Why You May Suffer From Procrastination?

Submitted by Sue Clement | Category: General Interest | Published on Jan 12, 2012
Recently I came across a postcard that said, Perfect is the enemy of good. At first, I thought: now wait a moment - isn't perfect good?

I was brought up believing that doing something perfectly was... well, good. It was, after all - perfect! Now before I get carried away here splitting hairs between perfect and good, I must admit I've been a victim of holding back, waiting till everything is absolutely right before I begin or complete a task.

My motivator


I used to be proud of my drive for perfectionism. But now, thinking of all the ways I held myself back and all the things I didn't do in fear that they would be somehow flawed, I query the cost. Even this article is a prime example. I kept putting it off again and again because nothing I wrote ever seemed, you guessed it - perfect.

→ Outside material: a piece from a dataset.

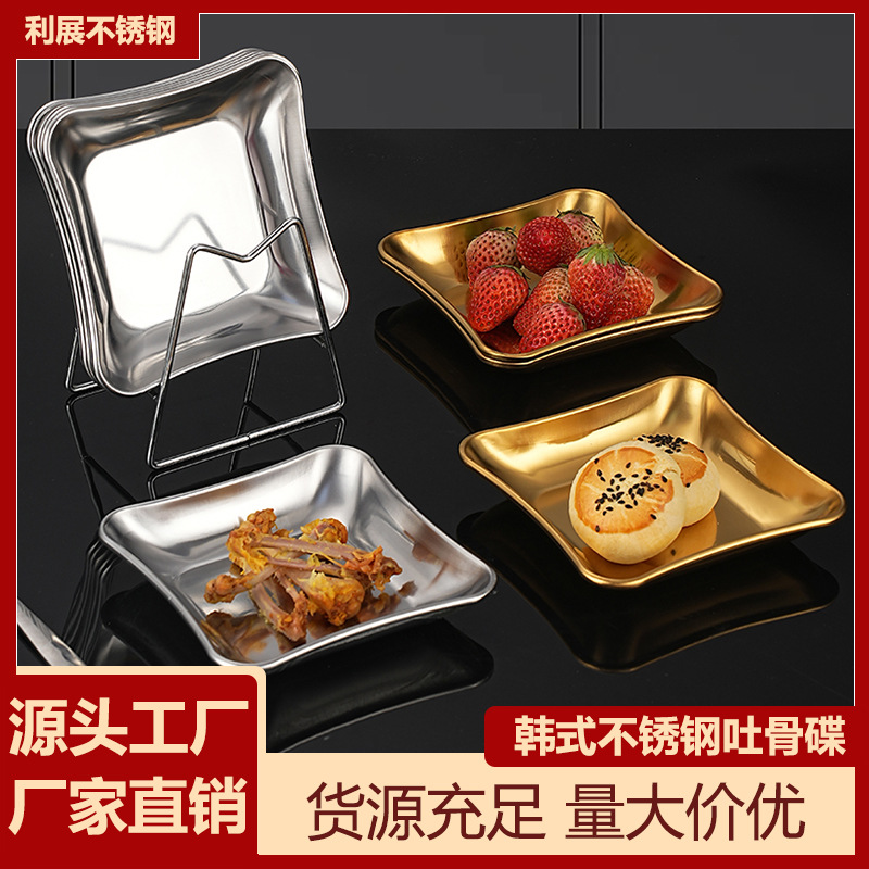 韓国式ステンレススナック皿家庭用ケーキ皿スナック果物皿食卓角型骨残渣小皿

I believe procrastination is born out of an excessive drive to perfectionism. Often, when we feel we don't have the time, energy or resources, it seems better to put off taking action or to take no action at all rather than risk being imperfect. Over time, we build the habit of procrastination and end up paralyzed by inertia.

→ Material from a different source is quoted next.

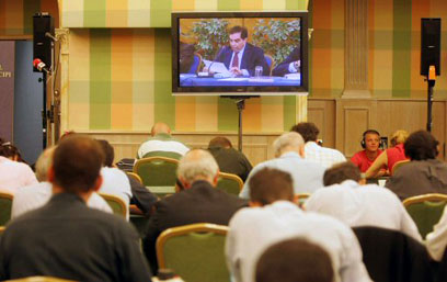 העיתונאים האיטלקים מאזינים להחלטת בית הדין (צילום: רויטרס)

So what is the answer? I'm not suggesting we throw caution to the wind, surrender our standards or accept shoddy work. But can we agree that not quite perfect is often good enough? Could it be that as long as, moment by moment, we aspire to do our best, accepting our flaws and inadequacies along the way, it is enough? That striving for and reaching "good" is a noble goal? Think for a moment of what more you would do if you surrendered the notion that everything needs to be absolutely, utterly perfect.

I can't begin to measure the amount of time I've spent dwelling on something. I'd be disappointed or embarrassed when in hindsight I realized that it wasn't perfect. But no longer - I've decided that things just need to be "good enough". Perhaps, I'll hold onto the belief that really big or important things need to be perfect - but not at the cost of doing them. Because, you see perfect really is the enemy of good.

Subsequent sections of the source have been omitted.